Reading fantasy, I accept magic which in my real life, I profoundly deny. Reading science fiction, I have to accept (at least to some extent) scientific impossibilities, like faster than light travel. In romance, I accept implausibly attractive men and first time lovers who have amazing sex (even when one is a virgin :) ).
But I won’t accept any of it if it’s clumsily or lazily written. Ironically writing fanfiction and my brief pro writing career has done more for my critical thinking about effective writing and story telling than my arts degree.
@Ann Somerville: Obviously I expressed myself poorly. I didn’t mean that the book was badly written… I mean, Loretta Chase! But I did have to learn how to read it.

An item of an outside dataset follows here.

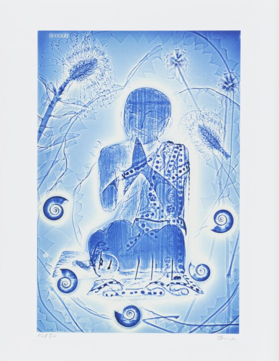 A color photograph with hues of blue and white featuring a seated figure in the center that has its hands together in front of its chest. The figure wears a patterned garment draped over its right shoulder. The figure is surrounded by shell-shaped objects and various plant forms.

@Willaful: “I didn’t mean that the book was badly written… I mean, Loretta Chase!”
No, that’s fine, I was making a general point. All too often the books in m/m which attract the most squee, are the worst written (ironically, Charles’s book – books, in fact – are a decided exception.)
The same is true in fanfic, in fact. Button pushing is rated far above craft, although there are plenty of fannish readers who value both quite highly. I’m one of those picky sods :)
Don’t discount the fact that commercial writing’s standards aim for broadest appeal-what might be “bad writing” can be a choice made in favor of appealing to a less well-read, but wider, audience, or choosing storytelling over mechanics. In fiction for entertainment’s sake, a ripping good yarn trumps stylistic mastercraftsmanship. The absence of the latter can be tolerated, the absence of the former is unforgivable.
As for the “problematic” stuff, I think it’s nigh on impossible to come up with any effective rule that makes any sort of blanket declaration. It’s always going to have to be a very personal choice on the reader as to where her boundaries lay, and how much guilt she should personally feel over her enjoyment of a story with problematic elements, and whether or not she ascribes intent to the author that may or may not be accurate, or if that intent makes a difference.
As social as we try to make it, reading is still an intensely personal, private thing. A story is still an individual exchange between author and individual reader.
I think there is room for all sorts of discussion in the romance genre. Sometimes, a book inspires me and I like to read/write critical engagement about the text, themes and tropes. Other times, I just want to post a gif of Jon Hamm crying to express my feelings, and engage with others in a squee/LOL-what-the-heck-did-I-read fest, and that’s it, I’m done and out. I think there’s always a middle ground, and the more voices we have, the better. There definitely should NEVER EVER be a silencing of critical voices, but I don’t think everyone should expect it to be THIS IS SRS BUSINESS GUYS FOR REAL all the time, either.
Incidentally, I don’t think the resistance to critical engagement is just in romance right now. I’m also involved in the Science Fiction/Fantasy reading community and…yeah. The “be nice/that wasn’t racist/it’s not sexist if I like it” wagon circling over critiques is painful and produces some awful flame wars. It’s been going on for years, too.